Hayal Pozantı - photo: Logan Bellew
Hayal Pozanti is among our graduates whose works were displayed at the Reunion exhibition in Sakip Sabanci Museum in 2015.
Hayal Pozanti pits technology against the human mind with “Deep Learning”. Pozanti’s paintings and digital animations that she created for Aldrich Museum are composed of characters from the 31-symbol alphabet that she created called the “Instant Paradise”. Like anthropomorphic hieroglyphs, combinations of ciphers frolic across her canvases, spelling out numbers that refer to data on human attributes that Ms. Pozanti unearthed online. For instance, the source material of her “One Hundred Twenty Two” painting is the number of dreams a person has in a month and another painting called “18”, it is the number of different human smile variations.
Hayal Pozanti’s “Sixty Seven” Credit Chad Kleitsch
Initially Hayal Pozanti’s work was mainly digital, she was working on images appropriated from the Internet. Amy Smith-Stewart said “She wanted to make tangible things” about Pozanti, who was propelled to painting by the need to bring tactility into her practice.
Pozanti’s palette combines black and white with patches of color. Smith-Stewart said that “She uses colors you would find on a digital color picker against more natural colors that she hand-mixes”.

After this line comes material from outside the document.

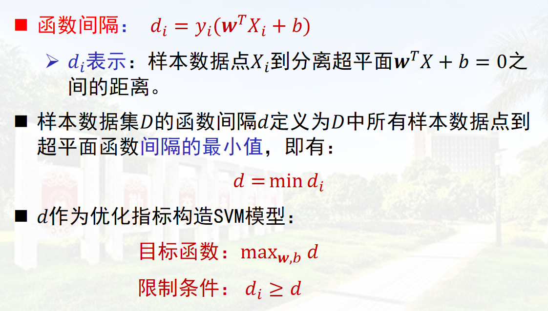 d反映了超平面对整个数据集的 “分类裕度”,d 越大,超平面离所有样本的 “安全距离” 越远,分类鲁棒性越强。
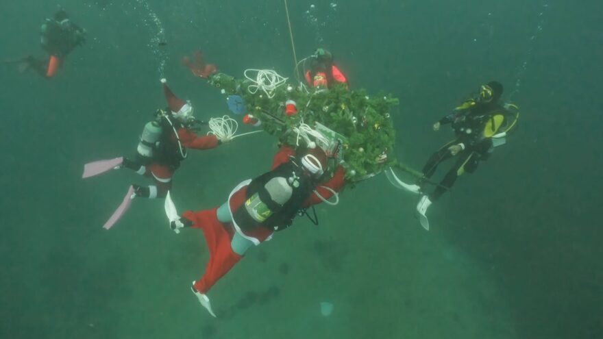 本州最南端に位置する串本町でダイバーたちに冬の海を楽しんでもらおうと、海中にクリスマスツリーが設置されました。

On three monitors suspended from the ceiling, Pozanti’s characters stream horizontally and vertically, depicting transcriptions of conversations that she conducted with chat bots in English and then translated into “Instant Paradise.” Accompanying them is Pozanti’s reading of the text in the phonemes of her lexicon. Her voice sounds robotic, except for brief spurts of giggling, “emotive sounds that she added to make it feel more human,” Smith-Stewart said.
For the first time in more than 20 years, the Aldrich Contemporary Art Museum is filled exclusively with paintings. “Painting in Four Takes” presents concurrent solo exhibitions of four contemporary painters: Steve DiBenedetto, Hayal Pozanti, Julia Rommel and Ruth Root. Each artist has a distinctive toolbox of motifs and methods, resulting in works that are wildly different. But considered together, the shows attest to the flourishing of painting in a culture that is saturated by digital images, and to the expressive power of paint applied in all its variations by the human hand.
“In this virtual age, there is a hunger for the physicality of painting,” said Richard Klein, the exhibitions director at the Ridgefield Aldrich Museum and added “These are all works that you can’t completely understand unless you are standing in front of them.”
The main goal of “Painting in Four Takes” is, just like the name implies, to present four separate painting shows together. Richard Klein said “We’re not trying to make some overarching point about the state of contemporary painting” and added “It’s impossible to do that. Instead, visitors can immerse themselves in the individual exhibitions. These are significant singular artists. We’re giving people four opportunities to have a meditative experience seeing their work in depth.”
“Painting in Four Takes” exhibition will take place at Aldrich Museum in Ridgefield until April 3rd.